WHAT TO DO. Taking only the lines of the data below from the line with "Editor: Keith Arnatt's" to the line with "作为国内领先的小程序容器技术", ends included, write them out exactly and without pictures.

EXCERPTED RECORDS.
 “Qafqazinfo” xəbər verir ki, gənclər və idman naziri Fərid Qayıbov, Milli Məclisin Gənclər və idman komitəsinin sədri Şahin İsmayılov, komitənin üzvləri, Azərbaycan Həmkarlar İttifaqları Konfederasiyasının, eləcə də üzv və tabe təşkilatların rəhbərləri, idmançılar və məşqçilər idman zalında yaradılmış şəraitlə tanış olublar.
...
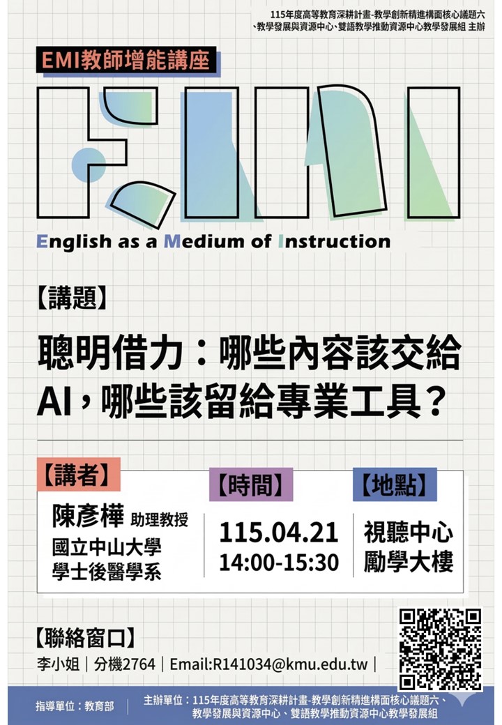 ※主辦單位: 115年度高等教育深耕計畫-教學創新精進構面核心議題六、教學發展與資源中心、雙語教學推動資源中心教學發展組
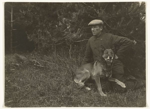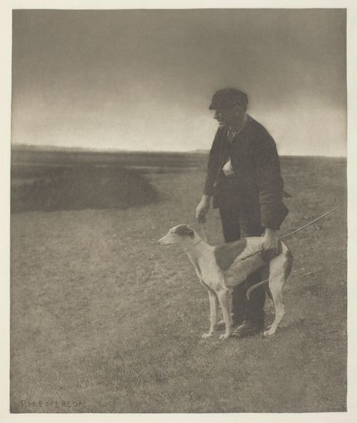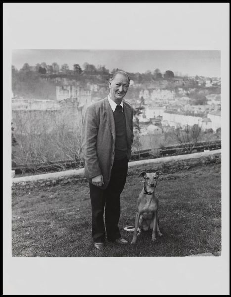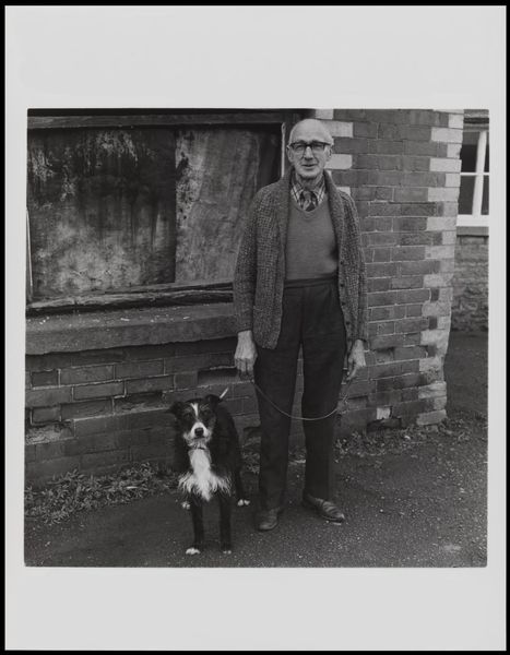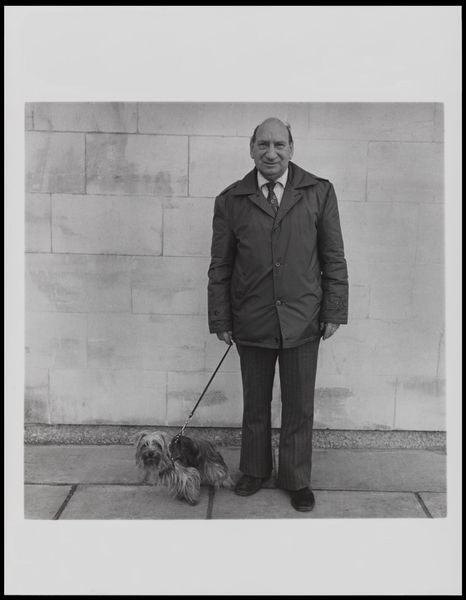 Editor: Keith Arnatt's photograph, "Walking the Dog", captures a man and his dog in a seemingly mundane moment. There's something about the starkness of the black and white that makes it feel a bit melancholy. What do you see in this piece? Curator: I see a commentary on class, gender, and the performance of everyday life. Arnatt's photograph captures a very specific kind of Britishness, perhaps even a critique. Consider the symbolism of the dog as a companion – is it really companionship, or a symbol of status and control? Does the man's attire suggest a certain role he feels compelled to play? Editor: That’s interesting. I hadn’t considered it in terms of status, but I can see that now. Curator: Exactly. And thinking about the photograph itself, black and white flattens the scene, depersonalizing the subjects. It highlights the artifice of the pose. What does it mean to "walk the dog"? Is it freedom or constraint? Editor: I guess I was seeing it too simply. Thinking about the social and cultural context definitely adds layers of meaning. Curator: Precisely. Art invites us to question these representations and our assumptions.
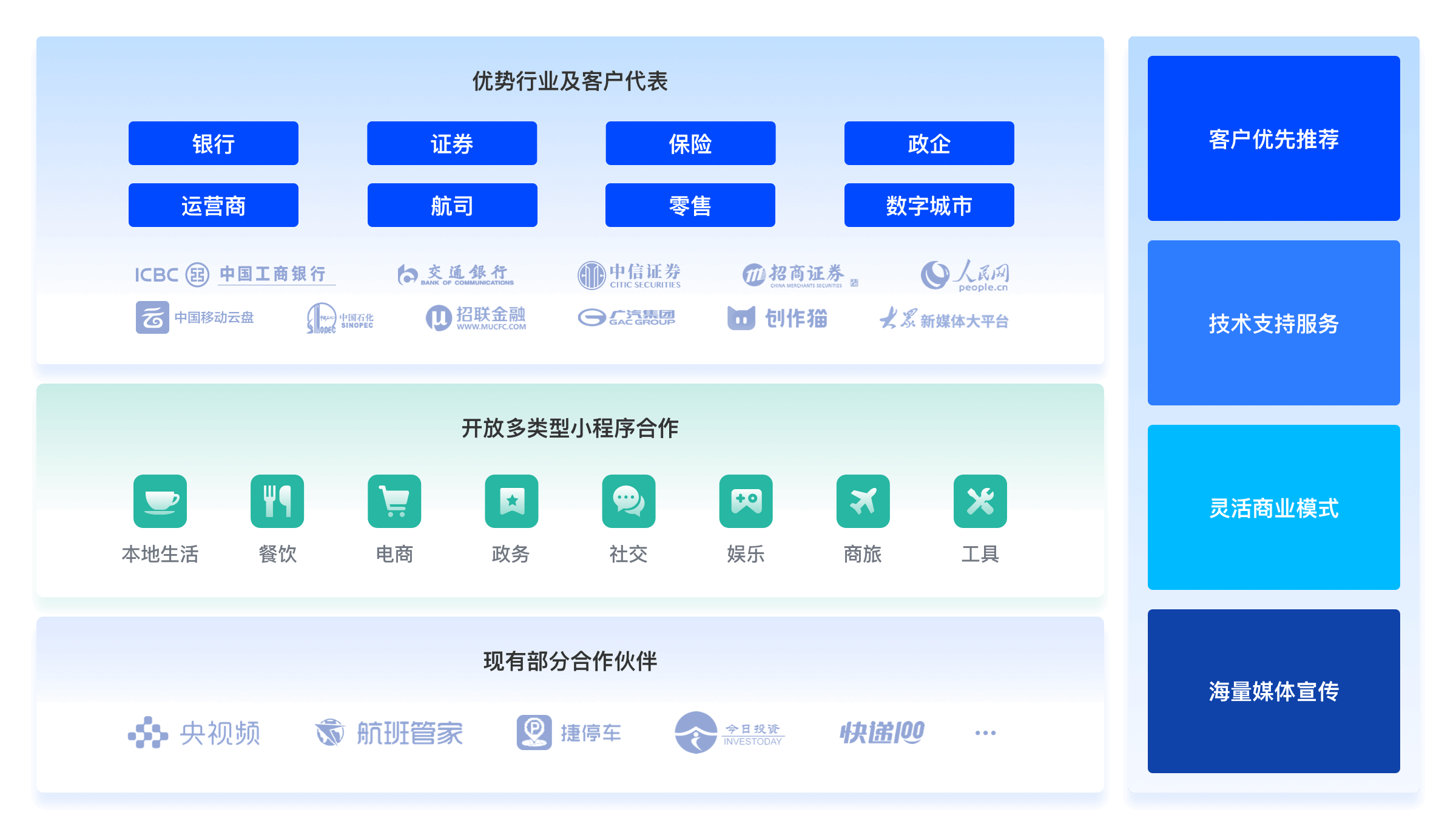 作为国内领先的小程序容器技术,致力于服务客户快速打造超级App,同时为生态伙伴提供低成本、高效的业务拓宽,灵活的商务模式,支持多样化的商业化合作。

ANSWER BOX.
 Editor: Keith Arnatt's photograph, "Walking the Dog", captures a man and his dog in a seemingly mundane moment. There's something about the starkness of the black and white that makes it feel a bit melancholy. What do you see in this piece? Curator: I see a commentary on class, gender, and the performance of everyday life. Arnatt's photograph captures a very specific kind of Britishness, perhaps even a critique. Consider the symbolism of the dog as a companion – is it really companionship, or a symbol of status and control? Does the man's attire suggest a certain role he feels compelled to play? Editor: That’s interesting. I hadn’t considered it in terms of status, but I can see that now. Curator: Exactly. And thinking about the photograph itself, black and white flattens the scene, depersonalizing the subjects. It highlights the artifice of the pose. What does it mean to "walk the dog"? Is it freedom or constraint? Editor: I guess I was seeing it too simply. Thinking about the social and cultural context definitely adds layers of meaning. Curator: Precisely. Art invites us to question these representations and our assumptions.
 作为国内领先的小程序容器技术,致力于服务客户快速打造超级App,同时为生态伙伴提供低成本、高效的业务拓宽,灵活的商务模式,支持多样化的商业化合作。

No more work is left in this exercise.